Berlin’s Pergamon Museum (Pergamonmuseum)attracts more visitors than any other museum in the city. Under the Museum Island Master Plan, it is now being refurbished in a series of stages. The Roman monumental altar, nearly 2000 years old, is the heart of the museum. At present, the Pergamon Altar Hall and the North Wing, with other exhibits from the Collection of Classical Antiquities, are both closed. The original Pergamon Altar covered an area of around 1200 square metres. The sculpted pedestal frieze panels on show, each two-and-a-half-metres high, depict the spectacular battle between the Olympian gods and the Giants. In 2025, the refurbished and modernised Altar Hall and North Wing will be reopened. Until then, the Pergamon Museum. The Panorama, a 360-degree exhibition directly opposite the Museum Island, offers a fascinating taste of the Pergamon Altar experience.

Photo Credit: visitBerlin, Nele Niederstadt

Expanding the Cultural Forum (Kulturforum)

The Museum of the Twentieth Century

Over the coming years, the Museum of the Twentieth Century is to be constructed close to Potsdamer Platz in the heart of Berlin.

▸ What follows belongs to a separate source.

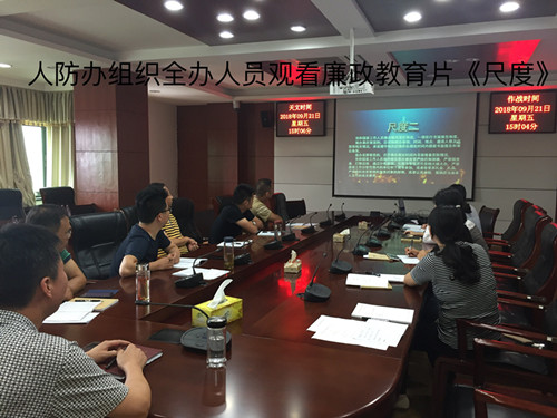 9月21日下午,按照县纪委统一部署和安排,为加强廉洁教育、狠抓作风建设,县人防办党支部组织全体党员干部职工集中重温反腐宣传片《尺度》。通过观看《尺度》,全体党员、职工对操办婚丧喜庆事宜应该把握的尺度有了更清晰的认识,纷纷表示,将严格遵守纪律规定,坚决不碰纪律“红线”。

Located between the New National Gallery (Neue Nationalgalerie) and Berlin’s renowned Philharmonic Hall, the new museum represents a major step towards completing the Kulturforum. After opening, the museum will have around 9000 square metres of exhibition space to show major works from the second half of the twentieth century. The museum has been designed by the Swiss architectural office Herzog & de Meuron. The striking interior design includes two intersecting boulevards inviting visitors to explore the museum. On two different levels, the boulevards run north-south and east-west, opening up diverse views of the exhibition rooms and the artworks. The museum is scheduled to be completed in 2026.

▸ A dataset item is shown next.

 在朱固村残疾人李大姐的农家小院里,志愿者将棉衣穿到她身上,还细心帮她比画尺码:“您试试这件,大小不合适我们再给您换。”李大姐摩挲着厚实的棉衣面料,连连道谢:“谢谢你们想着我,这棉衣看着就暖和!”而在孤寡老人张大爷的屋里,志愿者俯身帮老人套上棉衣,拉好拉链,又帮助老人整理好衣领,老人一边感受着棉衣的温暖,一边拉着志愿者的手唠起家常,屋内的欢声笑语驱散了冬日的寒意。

Developments in Berlin’s historical core

The House of One

A new and unique multifaith centre, the House of One will be constructed on the old St. Peter’s Church site going back around 800 years to when Berlin was founded. Perfectly capturing the project’s vision, the new building by the Kuehn Malvezzi architectural office has a large central domed hall linking the prayer rooms of the three major monotheistic religions – a mosque, a synagogue, and a church. The House of One is a house of worship and interfaith dialogue between religious communities, a place of peaceful coexistence, tolerance, and mutual understanding. The festive groundbreaking ceremony is scheduled for 27 May 2021, and the building is expected to be completed in three to four years. The building is planned to start in 2021 with the opening in 2024/2025.

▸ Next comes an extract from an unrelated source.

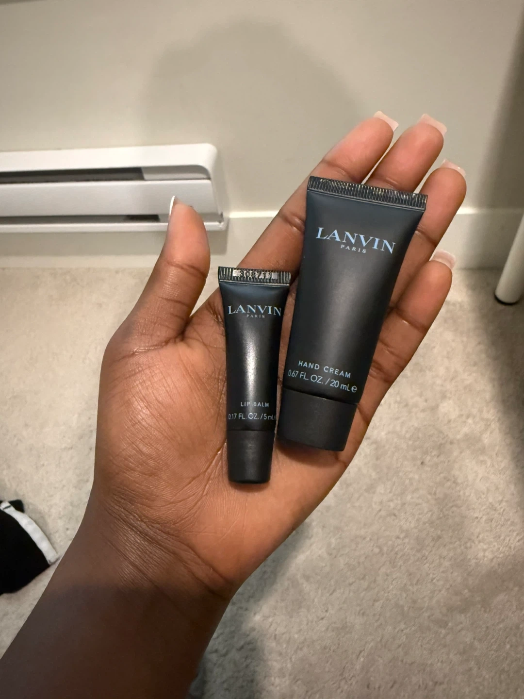 Selling a Lanvin Paris set that includes a lip balm (0.17 fl. oz./5 mL) and a hand cream (0.67 fl. oz./20 mL). Perfect for keeping your lips and hands moisturized!

Archaeological House on Petriplatz square

With excavations on Petriplatz uncovering traces of the city’s history as a medieval settlement, the square is ideal for Berlin’s new visitors centre for archaeological sites. The interactive displays in the multi-storey modern building take real-life examples to explain archaeological processes, from excavating an object to restoration and archiving. Uniquely, with the Archaeological House also an archaeological site under excavation, the archaeologists’ tasks can be presented in showcase workshops. The Archaeological House will not only also exhibit archaeological finds but offer events and seminars in a vibrant forum of exchange between experts and the general public. The groundbreaking ceremony is scheduled for 2023 with the opening at the end of that same year.